Blog reader “Dmitri” has sent pictures of a very unique and interesting modification he performed on his recently acquired Fluke 8060A. The LCD was ruined, so he has fashioned a replacement using green SMD LEDs arranged to form 7-segment numerals, with light dissipating film and protective acrylic from a broken iPhone. The mask was cut with a German desktop milling machine. The new display board was connected to the processor sub-board with the same kind of teflon-insulated wire used to connect the LEDs and ballast resistors.
The green LEDs operate on very low current, allowing them to be driven directly from the processor without adding extra driver circuitry. Dmitri reports an average segment current of about 10uA, and the entire unit still only draws 2.3mA from the 9V battery with an all-zero display in VDC mode, 3.8mA in VAC mode.
This repair / mod job is stunning, it must have taken an incredible amount of effort to accomplish. It almost looks like it came from the factory that way and it probably would to someone that did not know any better.
What is the normal current draw for one of these meters with the stock LCD?
Exactly the same 2.28mA in 20VDC mode, as ModemHead checked and told me on my request while we discussed this issue. So my custom made LED display gives exactly the same result as the LCD one, and this fact can justify the use of LED displays in manufacturing of displays designed to operate at very low temperatures, which would be impossible with LCD displays. Modern green LEDs are fantastic in terms of power efficiency. Human eye high sensitivity to green light also plays the role. NB: I used red SMD LED for low batt indication and, as you can see on the photo, it is somewhat “less bright” compared with green ones.
Hello Dimitri, Modemhead, you have done a very nice job with these displays, and here is one of the very few places on the internet about these nice mods which brings back to life old, reliable equipment , I think I have a problem that looks the same.
I am restoring an Air Conditioning machine (Snap-On SUN MRC334), from ’97, problem is that it has a cracked LCD and without it I cannot use it and I can’t find anywhere this old LCD. At first I thought that the LCD is simple like in your Fluke multimeter but when analysed there are other symbols (like lbs/kg; auto; etc) and I think I cannot use a 8888 simple display.

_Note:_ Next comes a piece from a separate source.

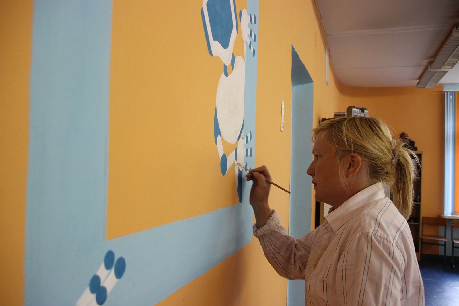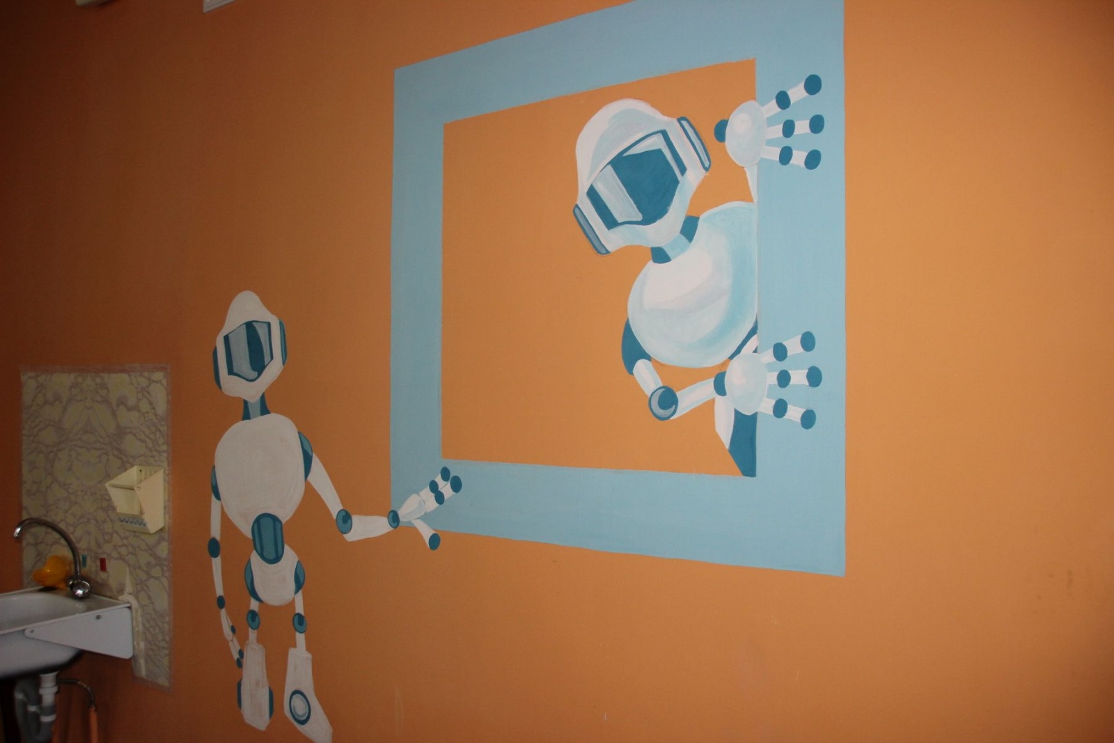 Педагоги Дворца детского творчества, которые используют в образовательном процессе разнообразные ресурсы, решили заметно изменить интерьеры своих кабинетов. Ирина Захарова, руководитель объединений «Начальное техническое моделирование», «Бумагопластика» и «3D моделирование», в перерывах между занятиями с детьми из летнего лагеря «Искорка» разрисовала стены, добавив колорита и настроения.

The display driver is one piece of PCF8577CP, any idea would be appreciated , have a nice day guys!
I love this mod! It looks great. Could you please share the wiring diagram? I’d like to attempt it with an 8060a/aa that has a bad LCD.
Awesome idea! I may try the same to restore my Weston 6000 meter with a bum LCD
Good luck, Igor! The key is to check the amplitude of output impulses at LCD display contacts, with repect to “LCD ground wire”. If they are close to 3 V, everything should be all right: at ultra low currents, ultra-bright green LED’s voltage drop is close to 2.1 V, so the 12 k ballast resistors worked fine in my case with 8060A, with its “25% on, 75% off” 3V impulse pattern. I used my Tektronix digital oscilloscope to check everything, before going ahead with design and implementation.
Nice Job man.
Really nice Satellit 210/Transistor 6001 that you use as a prop:-)
I’ve several of these specific Satellites and am always amazed at the sweet sound and sensitivity of them.
Nice job again on the Fluke…
All credit goes to Dmitri, I just published the pictures! And I agree, it is a nice job.
What kind of LED’s are this? i never heard of LED’s with fwd current less than 1 mA.
can you tell us more details about these green SMD LED with average 20uA used?
Thanks and Regards.
Hi Guys, My 8060A LCD if fading fast but at 80+ I have not got the know how to repair/replace it! any ideas where I can send it to get repaired?